Michael Mikowski z_mikowski at yahoo.com
Mon Sep 29 02:40:48 EDT 2014


No language is read only.  Many of the most highly trafficked sites on the web have used mod_perl for years with teams of developers.  Like anything, it can be written poorly or well.  I suggest Perl Best Practice by Damian Conway if you want to write maintainable Perl.

I've personally moved on to another supposedly "write only" language and am in high demand.  Its called "JavaScript".  Its got all sorts of warts and is not the most elegant language by any means.  But it is fast and runs on 2 billion devices.

Perl is a great sysadmin language and is a hard dependency for almost all distros.  Its much nicer and easier to maintain than JS.  It just takes discipline and effort.

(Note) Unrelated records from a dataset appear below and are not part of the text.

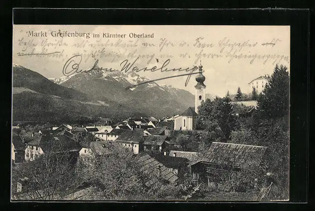 AK Markt Greifenburg, Teilansicht aus der Vogelschau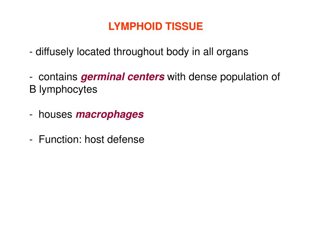 LYMPHOID TISSUE • diffusely located throughout body in all organs • contains germinal centers with dense population of B lymphocytes • houses macrophages • Function: host defense
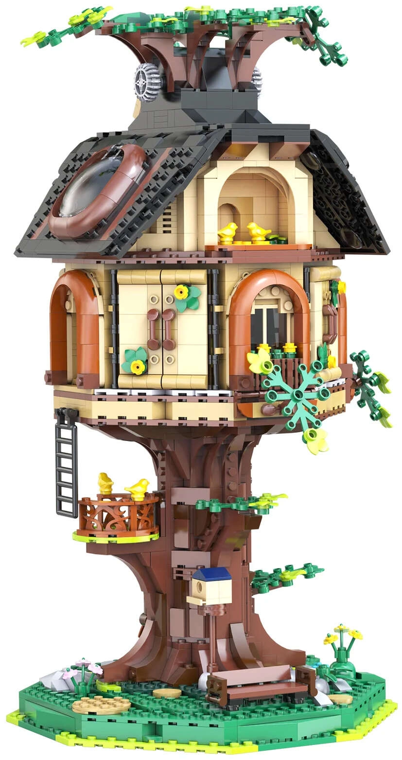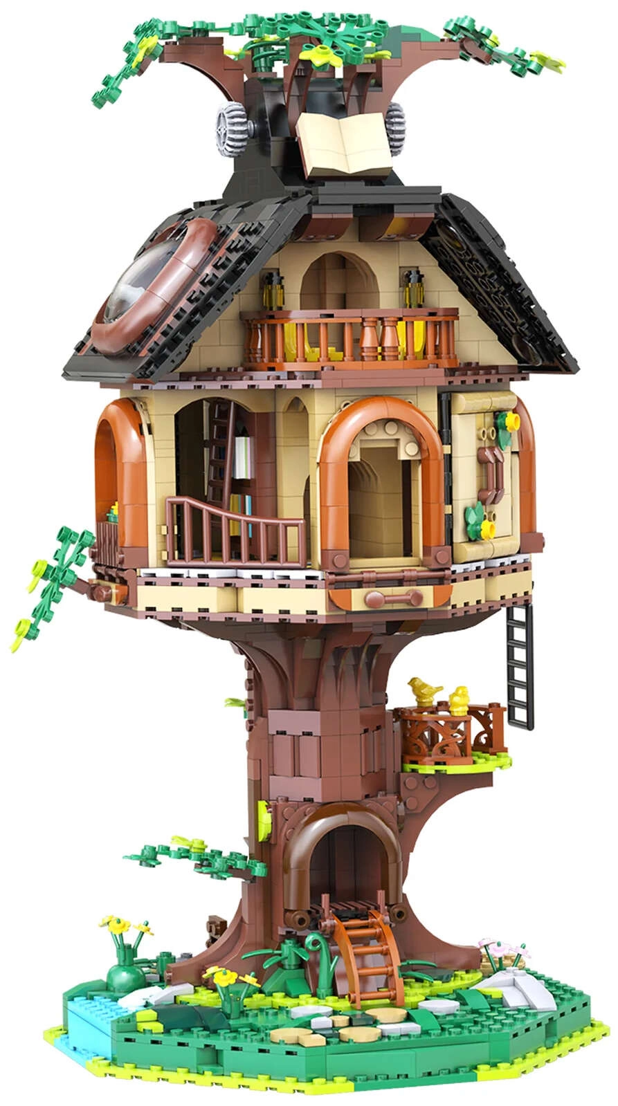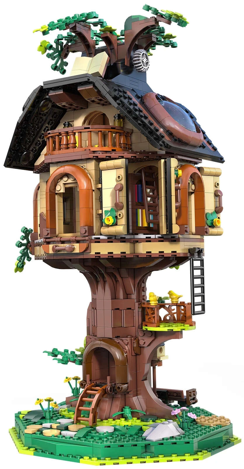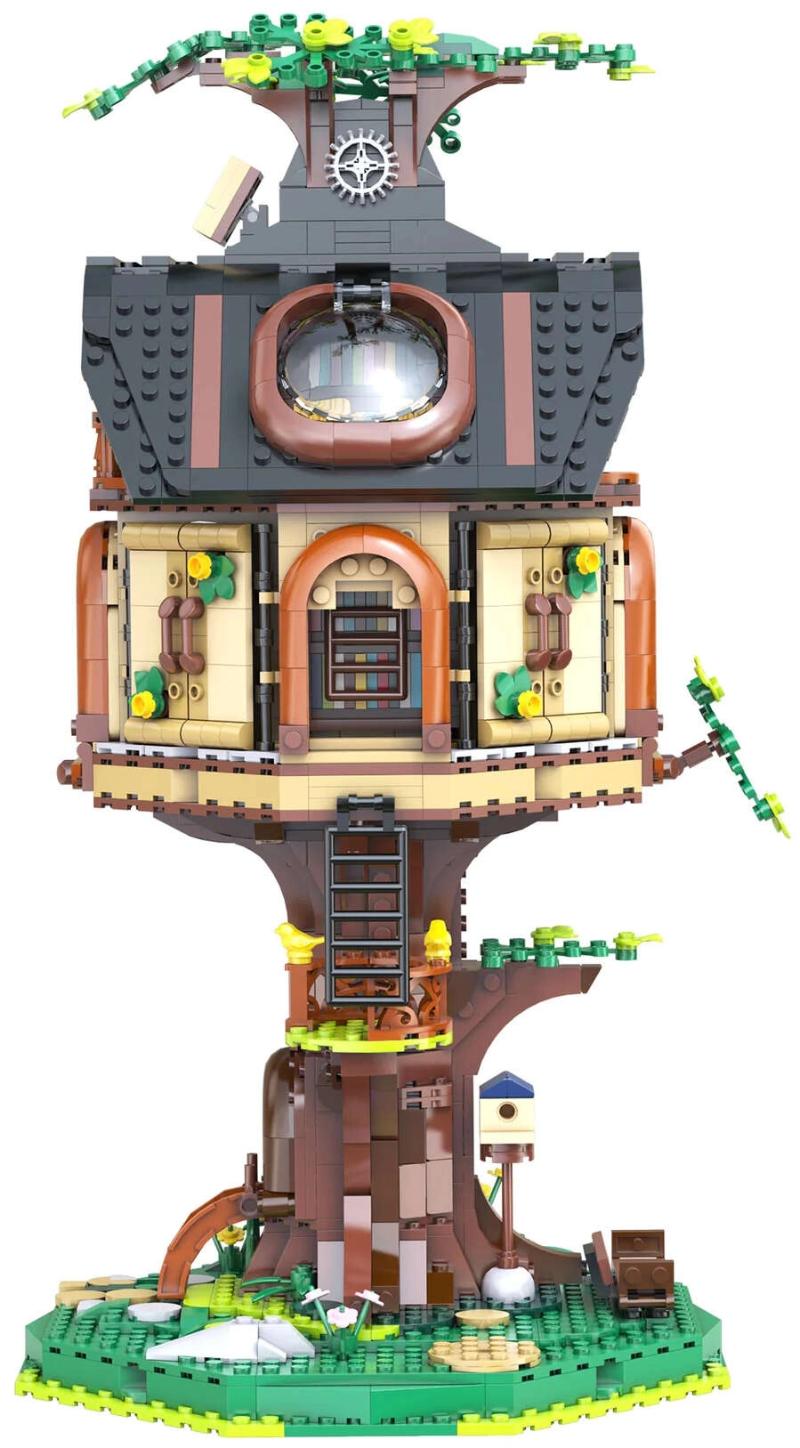 Assemblez une bibliothèque dans une cabane dans l’arbre unique avec une organisation sur deux niveaux : au rez-de-chaussée, une bibliothèque avec étagères, fenêtres et échelles ; à l’étage, une salle de lecture avec télescope confortable. L’arbre se dresse dans une clairière pittoresque avec fleurs et nichoir, avec toit ouvrant et balcon pour observer les oiseaux.

On Sep 28, 2014 10:31 PM, Aaron Kulkis <akulkis00 at gmail.com> wrote:
>
> Mat Enders wrote: 
> > I use sed and awk quite a bit and that is how I would have done it.  Perl I 
> > am sure can do it but I am just starting to learn Perl. 
>
> about 15 years ago, I started teaching myself perl. 
>
> Finally decided after 2 years to stop wasting my time -- it's a "write-only" 
> language, and I have no interest in writing code which is nearly impossible 
> to maintain. 
>
> > 
> > On Fri, Sep 26, 2014 at 6:37 PM, Jeff Hanson <jhansonxi at gmail.com> wrote: 
> > 
> >> Have a input with mixed lines of data, some desirable, some not.  Valid 
> >> lines have a particular text and digit pattern which needs to be extracted 
> >> (very predictable).  If a line contains a particular number then it is 
> >> output encapsulated by one set of ASCII terminal escape codes for setting 
> >> text color.  If it has a non-matching number then it is output with a 
> >> different set of codes.  I need something like: 
> >> 
> >> program_output | sed 
> >> s/match_pattern/MATCHCODE_cleaned-up_output_RESETCODE 
> >> !NOMATCHCODE_cleaned-up_output_RESETCODE 
> >> 
> >> I'm not sure how to combine the match/no-match replacements in one 
> >> operation.  Currently I'm using: 
> >> 
> >> program_output | sed 
> >> -ne s/match_pattern/MATCHCODE_cleaned-up_output_RESETCODE/p 
> >> -ne 
> >> 
> >> /match_pattern/!{s/valid_data_pattern/NOMATCHCODE_cleaned-up_output_RESETCODE/p} 
> >> 
> >> I know this can be done in one line of awk/perl/whatever but I'm trying to 
> >> avoid additional dependencies.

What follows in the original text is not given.